=== Activity ===
Set down each of the records below exactly as it reads. No pictures go into the copy.

=== Task data ===
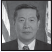
Dr. Henry Lee, Forensic Scientist *Topic: Pattern Evidence in Death Investigations

Dr. Henry C. Lee is one of the world's foremost forensic scientists. His work has made him a landmark in modern-day forensic sciences. He has been a prominent player in many of the most challenging cases of the last 50 years. Dr. Lee has worked with law enforcement agencies from 46 countries in helping to solve more than 8000 cases. Dr. Lee's testimony figured prominently in the O. J. Simpson, Jason Williams, Peterson, and Kennedy Smith trials, and in convictions of the "Woodchipper" murderer as well as thousands of other murder cases. He has assisted local and state police in their investigations of other famous crimes, such as the murder of Jon Benet Ramsey in Boulder, Colorado, the 1993 suicide of White House Counsel Vincent Foster, Kidnapping of Elizabeth Smart, Death of Chandra Levy and the reinvestigation of the Kennedy assassination.
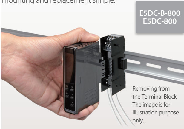
*Hooks must be pressed to remove from the terminal block.

The removable terminal block means wiring does not need to be removed during maintenance, making mounting and replacement simple.
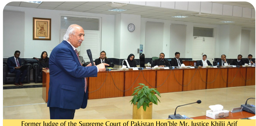
Former Judge of the Supreme Court of Pakistan Hon'ble Mr. Justice Khilji Arif Hussain (Retd.) addressing workshop participants
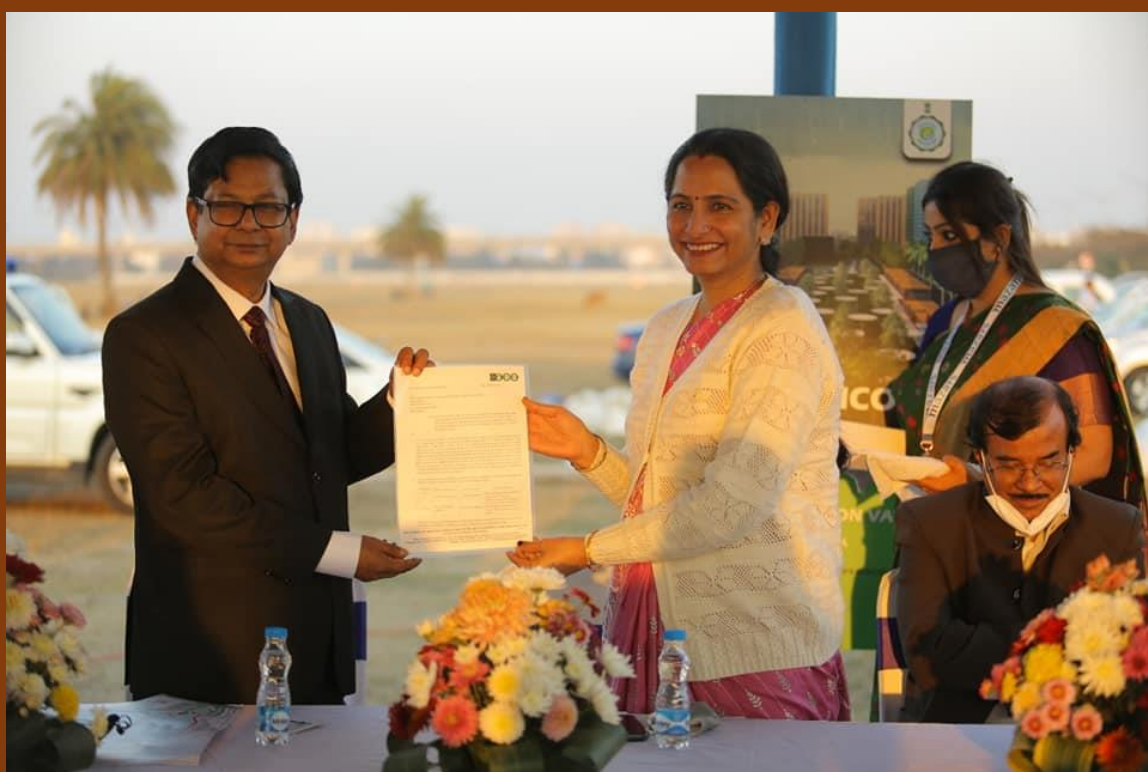
Allotment letters being handed over to the representatives of the organizations who were allotted Bengal Silicon Valley plots
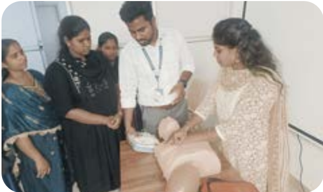
First Aid & CPR training for Thoraipakkam Home Nursing students conducted by TACT, sponsored by Rotary Club of Chennai Upscale
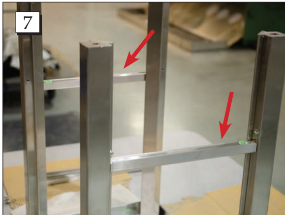
Step 7. Repeat steps 5-6 on the other short support bar marked "D".
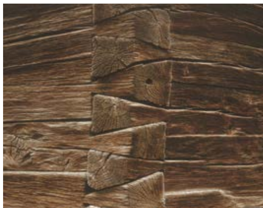
The German corner method of joining oak planks
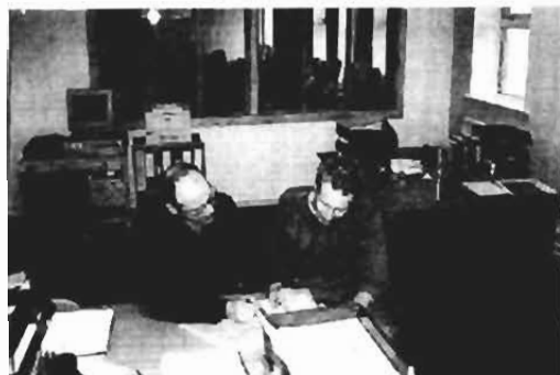
A new Law classroom on the second floor
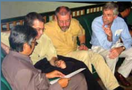
Consortium members in discussions with the Bali department of Health

Overcoming the difficulties of cultural and language differences, the Consortium has successfully developed strong partnerships with
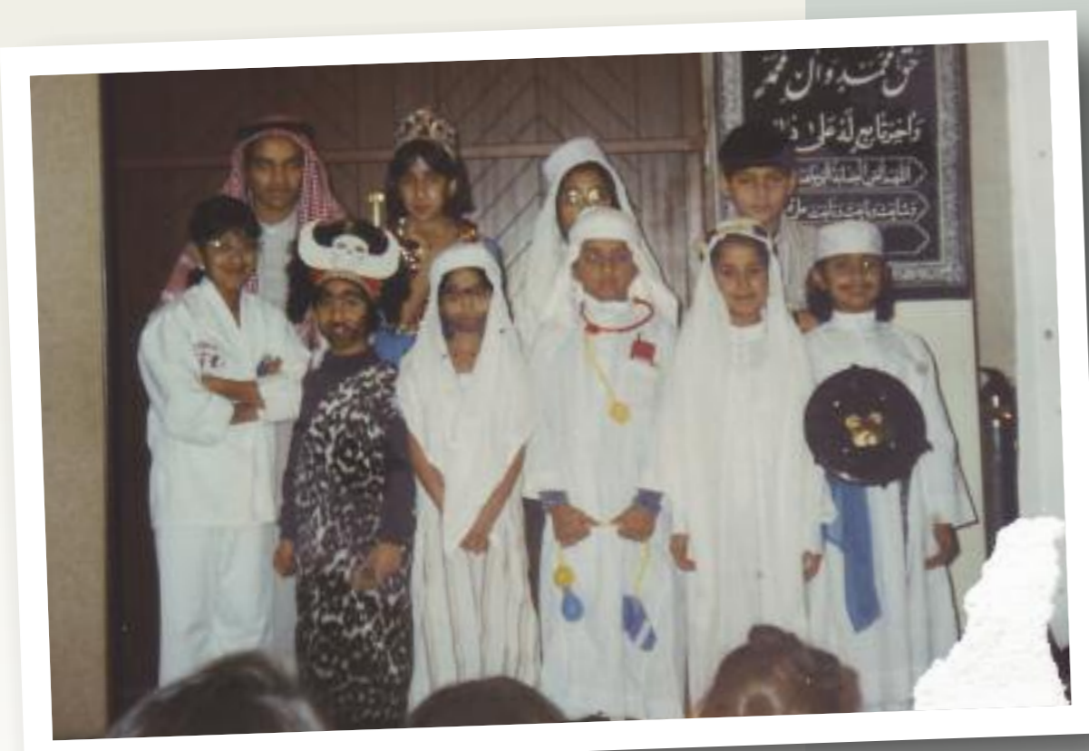
Zainabiya Madrasah Children’s Annual “Eid Performance” 1989
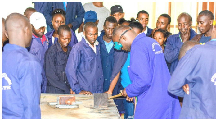
Mitunguu Technical Training Institute students in a civil engineering class
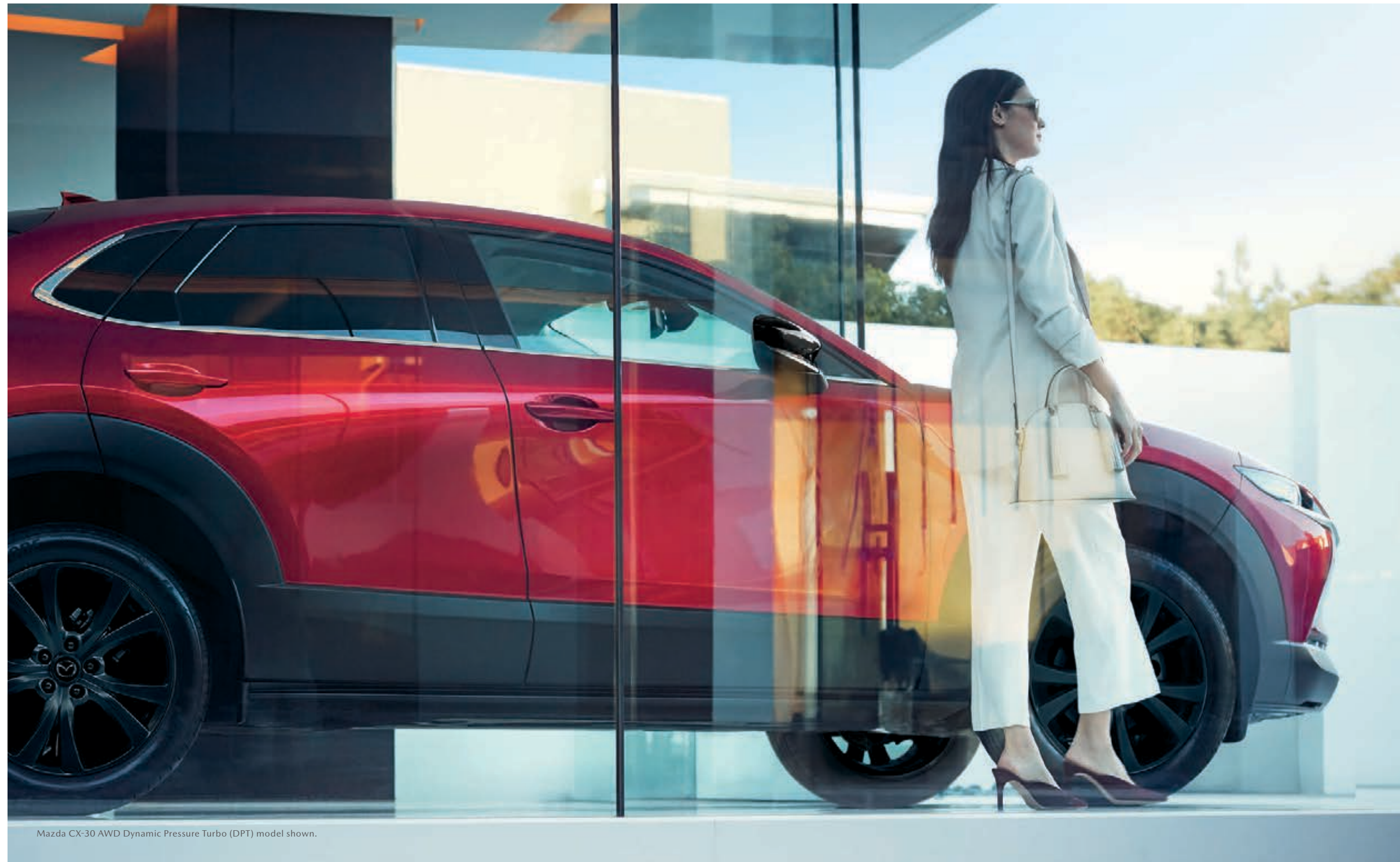
Mazda CX-30 AWD Dynamic Pressure Turbo (DPT) model shown.

=== Solution below ===
Dr. Henry Lee, Forensic Scientist *Topic: Pattern Evidence in Death Investigations

Dr. Henry C. Lee is one of the world's foremost forensic scientists. His work has made him a landmark in modern-day forensic sciences. He has been a prominent player in many of the most challenging cases of the last 50 years. Dr. Lee has worked with law enforcement agencies from 46 countries in helping to solve more than 8000 cases. Dr. Lee's testimony figured prominently in the O. J. Simpson, Jason Williams, Peterson, and Kennedy Smith trials, and in convictions of the "Woodchipper" murderer as well as thousands of other murder cases. He has assisted local and state police in their investigations of other famous crimes, such as the murder of Jon Benet Ramsey in Boulder, Colorado, the 1993 suicide of White House Counsel Vincent Foster, Kidnapping of Elizabeth Smart, Death of Chandra Levy and the reinvestigation of the Kennedy assassination.
*Hooks must be pressed to remove from the terminal block.

The removable terminal block means wiring does not need to be removed during maintenance, making mounting and replacement simple.
Former Judge of the Supreme Court of Pakistan Hon'ble Mr. Justice Khilji Arif Hussain (Retd.) addressing workshop participants
Allotment letters being handed over to the representatives of the organizations who were allotted Bengal Silicon Valley plots
First Aid & CPR training for Thoraipakkam Home Nursing students conducted by TACT, sponsored by Rotary Club of Chennai Upscale
Step 7. Repeat steps 5-6 on the other short support bar marked "D".
The German corner method of joining oak planks
A new Law classroom on the second floor
Consortium members in discussions with the Bali department of Health

Overcoming the difficulties of cultural and language differences, the Consortium has successfully developed strong partnerships with
Zainabiya Madrasah Children’s Annual “Eid Performance” 1989
Mitunguu Technical Training Institute students in a civil engineering class
Mazda CX-30 AWD Dynamic Pressure Turbo (DPT) model shown.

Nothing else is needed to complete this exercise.